Jason Healey is a Senior Research Scholar at Columbia University’s School of International and Public Affairs (SIPA). He is the editor of the first history of conflict in cyberspace, A Fierce Domain: Cyber Conflict from 1986 to 2012 and co-author of Cyber Security Policy Guidebook. He started his career in the U.S. Air Force, where he was the founding member of the world’s first joint cyber warfighting unit, the Computer Network Defense. He was Director for Cyber Infrastructure Protection at the White House from 2003 to 2005, and vice chairman of the Financial Services Information Sharing and Analysis Center at Goldman Sachs. He has taught at Georgetown University and Johns Hopkins School of Advanced International Studies.

Prior to joining SIPA, Healey was the founding director of the Cyber Statecraft Initiative at the Atlantic Council, where he remains a senior fellow. Healey is currently the president of the Cyber Conflict Studies Association, and has published over a hundred articles and essays. Healey has recently put together the New York Cyber Task Force for a SIPA report titled, ‘Building a Defensible Cyberspace’. The interviews were conducted in Healey’s office in the first week of October, and have been edited for length and clarity.

Q: How did you first get into the cyber field?

A: While I was at the Air Force Academy, I turned down the pilot slot and instead applied for the intelligence one. At that time (shortly after the First Gulf War), a lot of things were happening within the Air Force intelligence. We had to protect our systems and eavesdrop on others in new ways. All the traditional tools of intelligence were becoming computerized. That’s how I got started.

Q: Many would love to know how you personally keep yourself protected from cyber threats. Can you give some advice for students at Columbia?

A: First, always have your computer up-to-date and keep it patched. Always use the two-factor authentication; so don’t use only passwords but at least have codes sent to your phone. Columbia’s secure Wi-Fi is way better than the regular one. If you log onto any open Wi-Fi, then anyone outside can read your traffic by using basic free software.
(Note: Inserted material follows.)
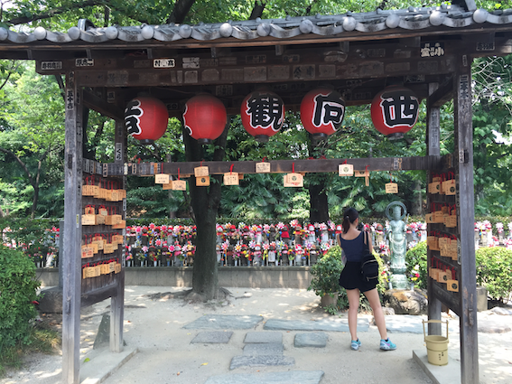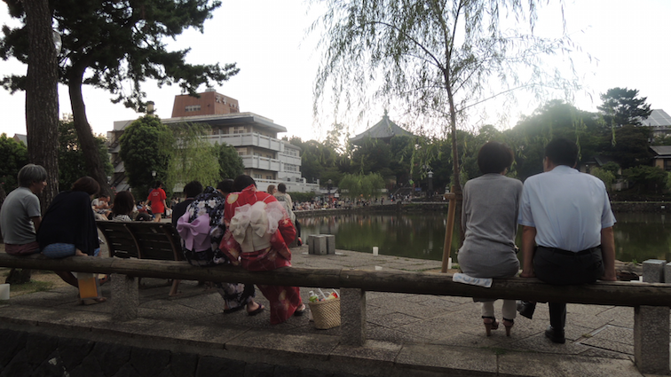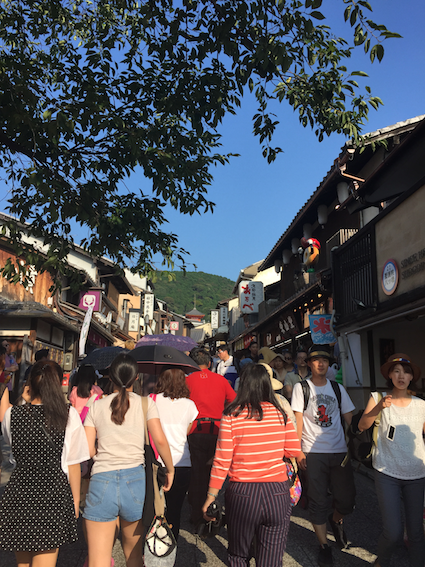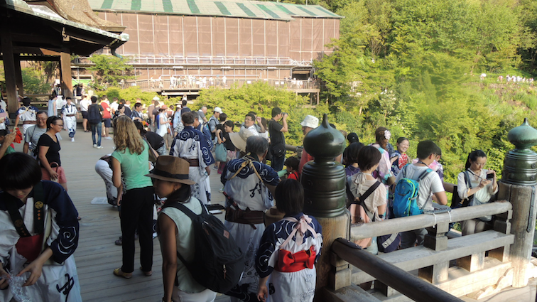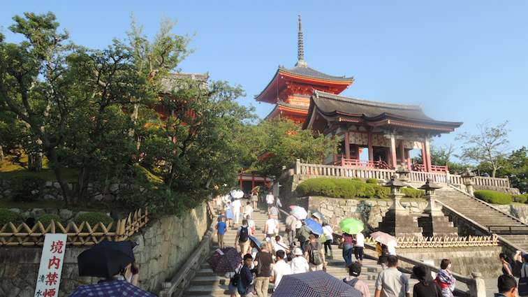 The entire time in Kiyomizu Dera, Rumin and I discussed and expressed ludicrousness at the fact that the local Japanese people clad in yukatas and had their hair done nicely never seemed to break into sweat or had their makeup ruined under the searing heat. It wasn’t hard to spot tourists in Japan in the summer: they (we) would be the ones drenched in sweat, face crinkled in weariness and hair all over the place in contrast with local natives who not only appeared to be unaffected by the heat but managed to look impossibly good at that too.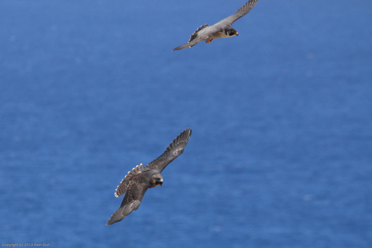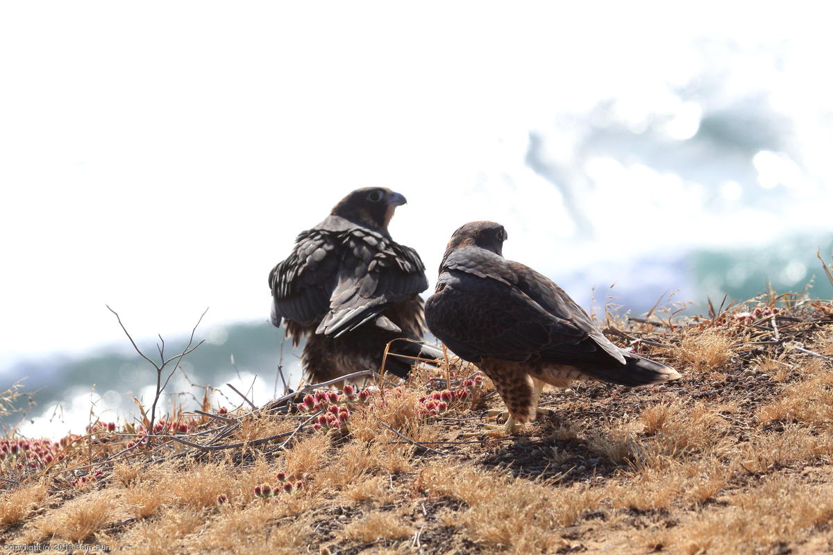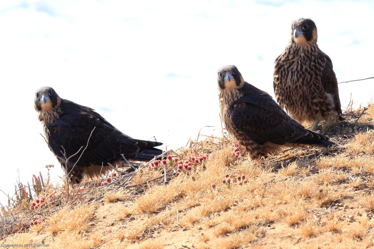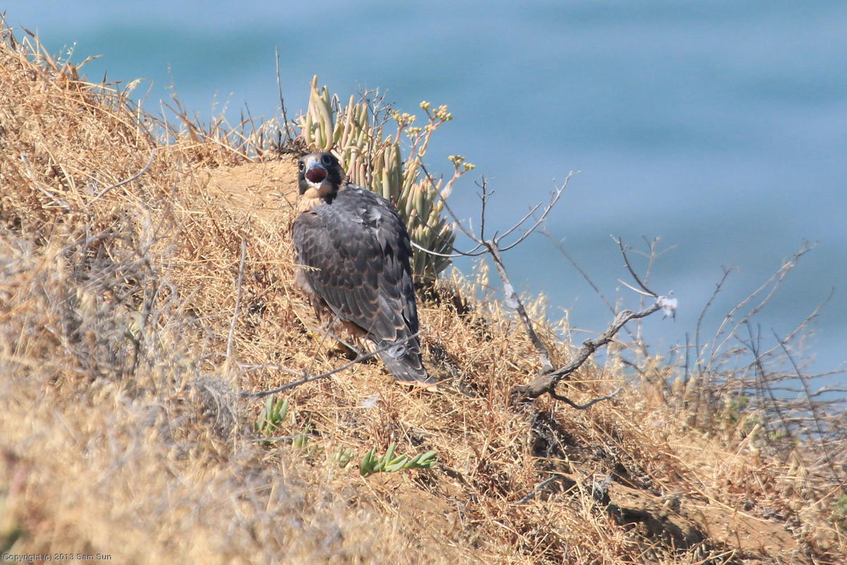 Three of the juveniles were flying today. One was left all alone by the nest. I had a nice close encounter with the juveniles - they landed at the top of the cliff about 20 feet away from me and didn't seem too concerned about my presence. Later on, mom brought in some dinner. Mom _was_ concerned about my presence and proceeded to dive bomb me. The late afternoon lighting wasn't great for photography, but it was a good show.

I recently started using this YubiKey [a small USB drive known as a “hardware token” to prove identity]. For the stuff I truly care about, sending me a text isn’t enough; it tells me to insert my YUBI key to prove my identity. The YubiKey is really cryptographically secure. I spend $10 a year on my password manager called Last Pass. It keeps all of my passwords. To log into my Last Pass, I have to type in a very long pass-phrase, and insert this YubiKey.

Two-factor authentication with hardware token and VPN [virtual private network] are inexpensive, and they make sure that my passwords are very secure. Columbia’s VPNs are free. Nobody can see what you’re doing.

Q: What do you know about the recent cyber attacks against Equifax?

A: Many of my colleagues seem to be hinting that the attackers were possibly Chinese.

Q: Has that been mentioned in the open source [media] yet?

A: No, but I also haven’t looked. My colleagues have said, “Man, if I were a data scientist right now, I’d want to be a Chinese data scientist.” Since they [the Chinese] have already stolen information from OPM [Office of Personnel Management] and UnitedHealth, they have this huge database of our medical information, personal records, and if that’s all true, credit history. Imagine what they’d be able to do with all that.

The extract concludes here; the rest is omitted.